Rand Paul's Presidential Campaign: Five Facts About His Faith
Sen. Rand Paul, R-Ky. speaks at Faith and Freedom Coalition's Road to Majority event in Washington, Friday, June 20, 2014. Organizers said more than 1,000 evangelical leaders were attending the conference, designed to mobilize religious conservative voters ahead of the upcoming midterm elections and the 2016 presidential contest. While polls suggest that social conservatives are losing their fight against gay marriage, Republican officials across the political spectrum concede that evangelical Christian voters continue to play a critical role in Republican politics. (AP Photo/Molly Riley)
Sen. Rand Paul, R-Ky. speaks at Faith and Freedom Coalition's Road to Majority event in Washington, Friday, June 20, 2014. Organizers said more than 1,000 evangelical leaders were attending the conference, designed to mobilize religious conservative voters ahead of the upcoming midterm elections and the 2016 presidential contest. While polls suggest that social conservatives are losing their fight against gay marriage, Republican officials across the political spectrum concede that evangelical Christian voters continue to play a critical role in Republican politics. (AP Photo/Molly Riley)

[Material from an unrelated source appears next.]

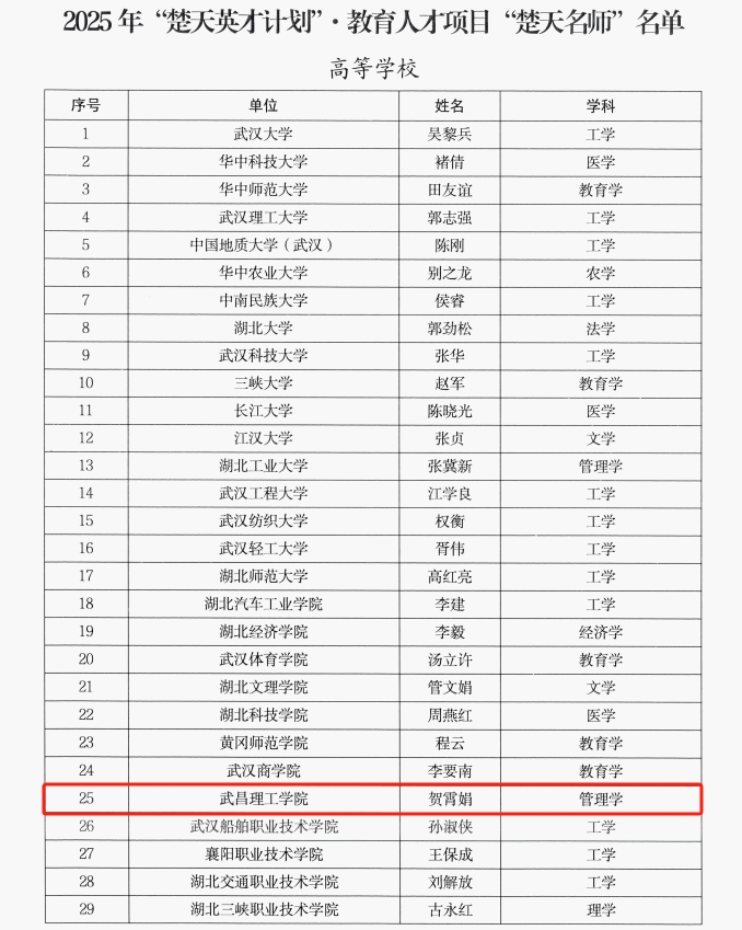 近日,湖北省教育厅正式公布2025年“楚天英才计划”·教育人才项目“楚天名师”名单,29名来自全省高等学校的教师获评“楚天名师”。武昌理工学院商学院贺霄娟教授成功入选,并成为全省同类高校中唯一获此殊荣的教师。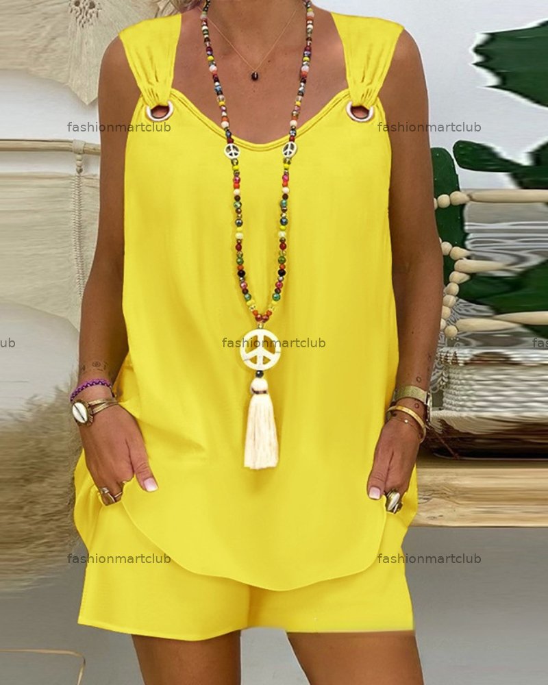 Sleeveless Casual Plain Strap Two Piece Set

(RNS) Sen. Randal Howard “Rand” Paul, the junior Republican from Kentucky, launched his 2016 presidential campaign on Tuesday (April 7) in Louisville. Here are five facts about the faith background of this libertarian conservative:

* Paul, 52, was baptized an Episcopalian. It didn’t stick. He attended Baylor University, a Baptist school in Texas, then Duke University. He now attends a Presbyterian church. In this, he is like most Americans — all over the map in terms of his religious affiliation.

* At Baylor, Paul joined the NoZe Brotherhood, a secret and controversial society that routinely skewers the school’s Baptist roots and other aspects of undergraduate life. His association with the group came back to bite him in his initial run for the Senate after GQ magazine ran a story claiming NoZe was dedicated to “blasphemy,” and Paul, while high as a kite, helped kidnap a coed and forced her to pray to “Aqua Buddha,” a made-up water idol. Paul threatened to sue the magazine.

* Paul’s wife Kelley has served as a deacon in the couple’s Presbyterian church. In the wake of the Aqua Buddha accusations, she told the press, “Rand and I are both Christians and our faith is very important to us.”

* Paul has spoken at the Family Research Council’s Values Voter Summit — an annual gathering of social conservatives considered necessary to winning the evangelical vote. But his relationship with its members has been uneven, at least in terms of his faith. In 2012, he detailed his personal struggle with religion, saying, “My faith has never been easy for me, never been easy to talk about and never been without obstacles. I do not and cannot wear my religion on my sleeve. I am a Christian but not always a good one. I’m not completely free of doubts. I struggle to understand man’s inhumanity to man. I struggle to understand the horrible tragedies that war inflicts on our young men and women.” In February, Paul appeared on televangelist Marcus Lamb’s Daystar television program and said he had been “saved” more than once.

* At a private prayer breakfast in Washington, D.C., in March, Paul told his audience, “The First Amendment says keep government out of religion. It doesn’t say keep religion out of government. So, you do have a role and a place here.” Paul also has a ranking of 100 percent from Americans United for the Separation of Church and State, a First Amendment-watchdog organization, meaning he is “perfect” in his opposition to keeping religion out of government.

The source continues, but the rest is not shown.